Second is about the design and implementation of inference engines. The inference must be extensible, so that users can not only employ the algorithm in Wand (2016) but easily build on top of it. Further, its infrastructure must be able to encompass a variety of algorithms, so that users can incorporate mp as one of many tools in their toolbox.

Third, we think there are innovations to be made on taking the stance of modularity to a further extreme. In principle, one can compose not only localized message passing updates but compose localized inference algorithms of any choice—whether it be exact inference, Monte Carlo, or variational methods. This modularity will enable new experimentation with inference hybrids and can bridge the gap among inference methods.

Finally, while we discuss mp in the context of automation, fully automatic algorithms are not possible. Associated to all inference are statistical and computational tradeoffs (Jordan, 2013). Thus we need algorithms along the frontier, where a user can explicitly define a computational budget and employ an algorithm achieving the best statistical properties within that budget; or conversely, define desired statistical properties and employ the fastest algorithm to achieve them. We think ideas in mp will also help in developing some of these algorithms.

References

Carpenter, B., Gelman, A., Hoffman, M. D., Lee, D., Goodrich, B., Betancourt, M., … Riddell, A. (2016). Stan: A probabilistic programming language. Journal of Statistical Software.
Diaconis, P., & Ylvisaker, D. (1979). Conjugate Priors for Exponential Families. The Annals of Statistics, 7(2), 269–281.
Gelman, A., Vehtari, A., Jylänki, P., Robert, C., Chopin, N., & Cunningham, J. P. (2014). Expectation propagation as a way of life.
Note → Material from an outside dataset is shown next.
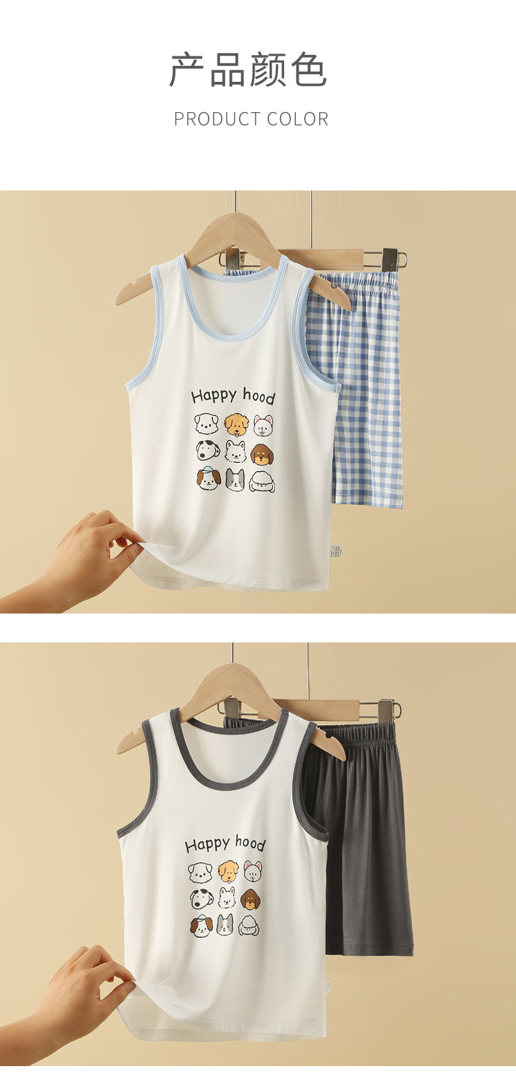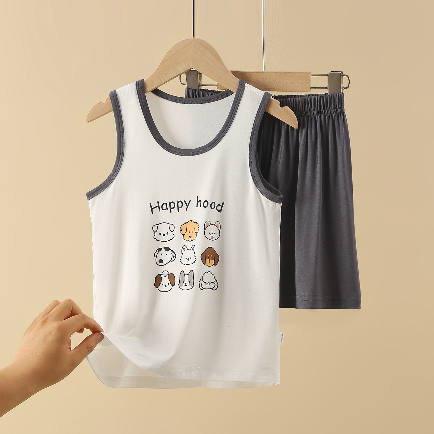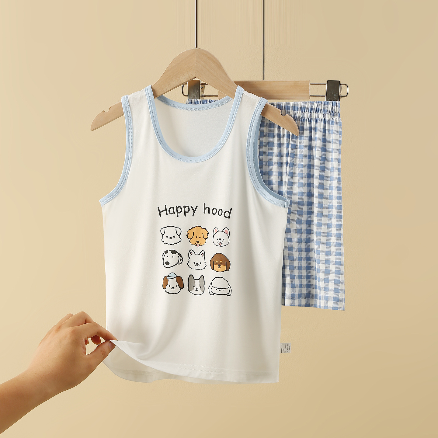어린이 조끼 세트 2025 여름 남아 여아 잠옷 중대형 어린이용 아이스 실크 얇은 홈웨어

ArXiv Preprint ArXiv:1412.4869.
Hoffman, M. D., Blei, D. M., Wang, C., & Paisley, J. (2013). Stochastic Variational Inference. Journal of Machine Learning Research, 14, 1303–1347.
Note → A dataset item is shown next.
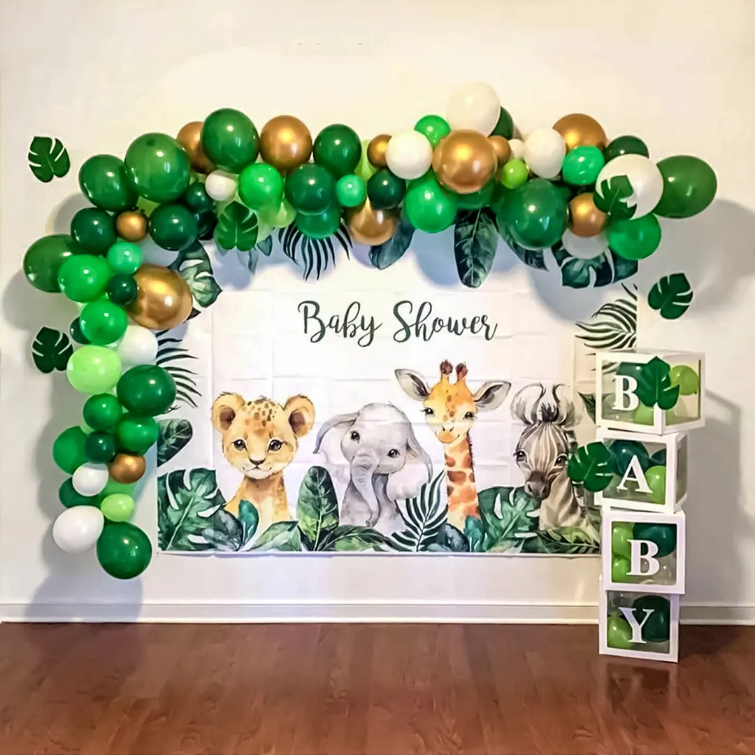 • For this backdrop, we have used a forest and animal-printed flex board. Along with it, there is a balloon arch that has green, white and gold balloons which match the theme.

Hoffman, M. D., & Gelman, A. (2014). The no-U-turn sampler: adaptively setting path lengths in Hamiltonian Monte Carlo. Journal of Machine Learning Research, 15, 1593–1623.
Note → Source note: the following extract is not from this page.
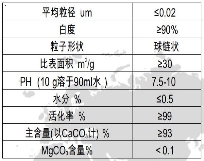 一款晶形為球鏈狀的納米碳酸鈣,該產品超高的比表和較小的粒徑,可為下游產品提供極其優異的補強等物理性能。此晶形理論上在補強、耐屈服、觸變、流變等性能上超出別的晶形的納米碳酸鈣,在業內也屬于高附加值的精細化產品。

Huang, Z., & Gelman, A. (2005). Sampling for Bayesian Computation with Large Datasets. SSRN Electronic Journal.
Jordan, M. I. (2013). On statistics, computation and scalability. Bernoulli, 19(4), 1378–1390.
Kucukelbir, A., Tran, D., Ranganath, R., Gelman, A., & Blei, D. M. (2016). Automatic Differentiation Variational Inference. ArXiv Preprint ArXiv:1603.00788.
Tran, D., Gelman, A., & Vehtari, A. (2016). Gradient-based marginal optimization. Technical Report.
Wand, M. P. (2016). Fast Approximate Inference for Arbitrarily Large Semiparametric Regression Models via Message Passing. ArXiv Preprint ArXiv:1602.07412.
Wang, X., & Dunson, D. B. (2013). Parallelizing MCMC via Weierstrass sampler. ArXiv Preprint ArXiv:1312.4605.